» Task item: Would you print only the lines running from the one with "355mm带钢与钢坯市场价格价差正向扩大6元/吨,螺带差反向缩小6元/吨。" to the final line of the data below, word for word and without pictures?

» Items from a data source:
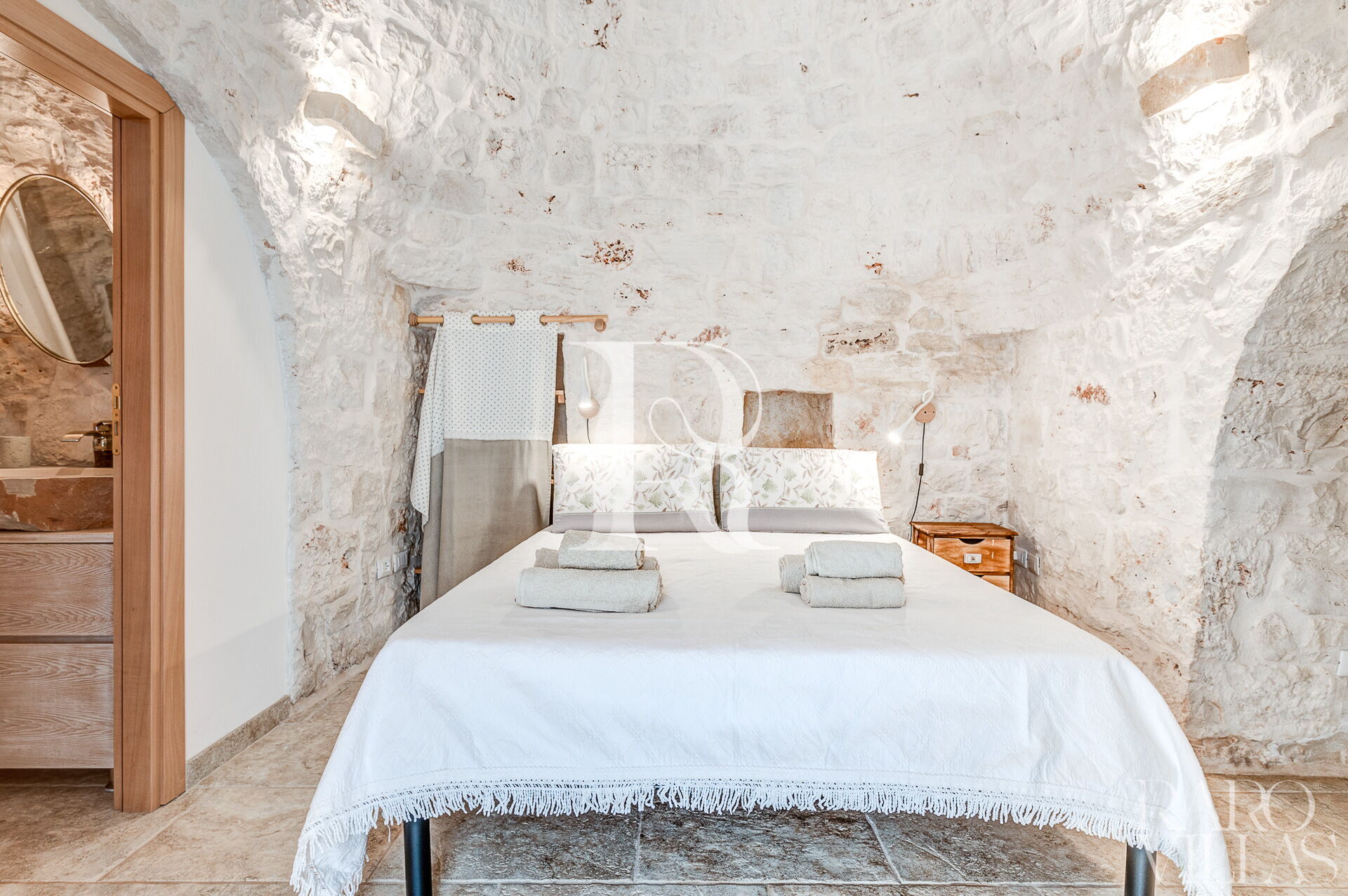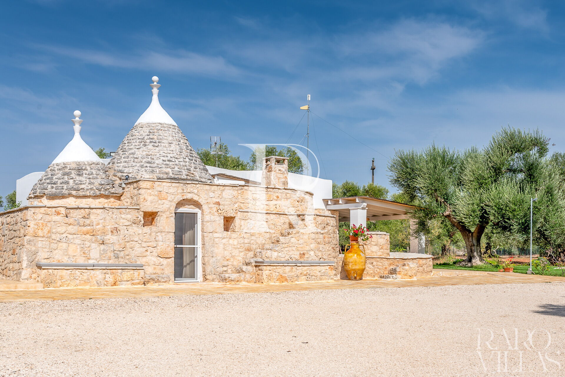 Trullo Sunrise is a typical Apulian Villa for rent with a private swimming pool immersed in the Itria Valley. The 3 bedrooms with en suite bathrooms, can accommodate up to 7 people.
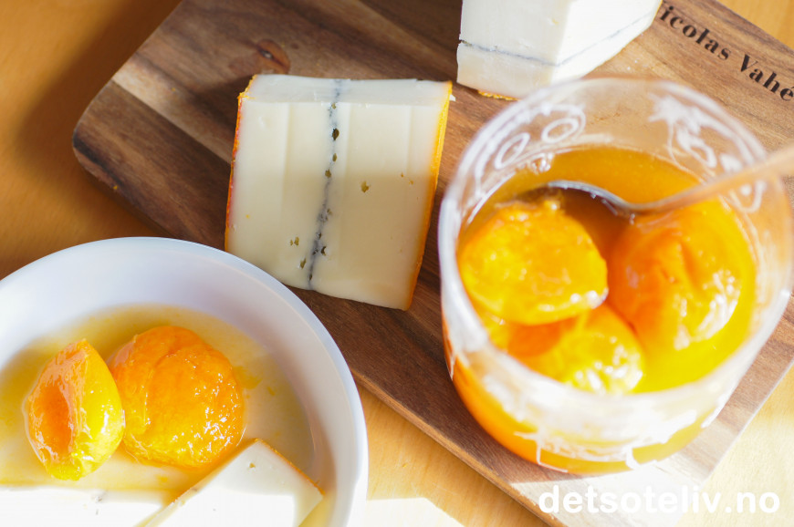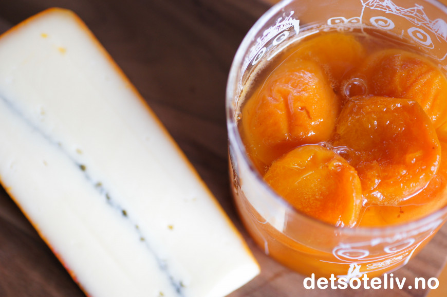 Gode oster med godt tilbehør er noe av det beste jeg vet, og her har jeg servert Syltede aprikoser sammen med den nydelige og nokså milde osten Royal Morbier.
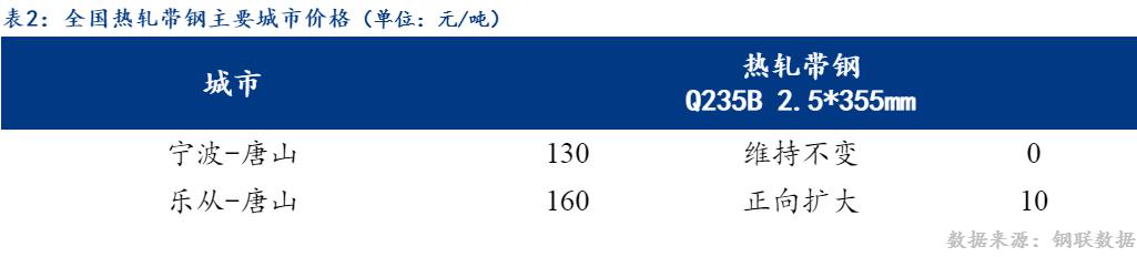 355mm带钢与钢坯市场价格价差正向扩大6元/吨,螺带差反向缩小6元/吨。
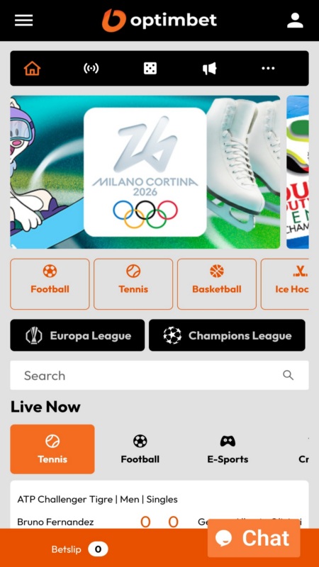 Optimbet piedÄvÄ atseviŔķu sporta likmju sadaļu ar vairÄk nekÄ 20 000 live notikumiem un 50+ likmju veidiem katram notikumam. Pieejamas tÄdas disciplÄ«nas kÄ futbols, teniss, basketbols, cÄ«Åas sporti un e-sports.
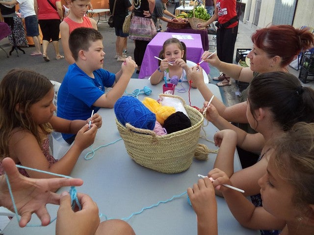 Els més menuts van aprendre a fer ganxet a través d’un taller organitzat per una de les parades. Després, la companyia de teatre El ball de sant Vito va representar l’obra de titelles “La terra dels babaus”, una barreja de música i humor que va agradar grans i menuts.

» Written response:
 355mm带钢与钢坯市场价格价差正向扩大6元/吨,螺带差反向缩小6元/吨。
 Optimbet piedÄvÄ atseviŔķu sporta likmju sadaļu ar vairÄk nekÄ 20 000 live notikumiem un 50+ likmju veidiem katram notikumam. Pieejamas tÄdas disciplÄ«nas kÄ futbols, teniss, basketbols, cÄ«Åas sporti un e-sports.
 Els més menuts van aprendre a fer ganxet a través d’un taller organitzat per una de les parades. Després, la companyia de teatre El ball de sant Vito va representar l’obra de titelles “La terra dels babaus”, una barreja de música i humor que va agradar grans i menuts.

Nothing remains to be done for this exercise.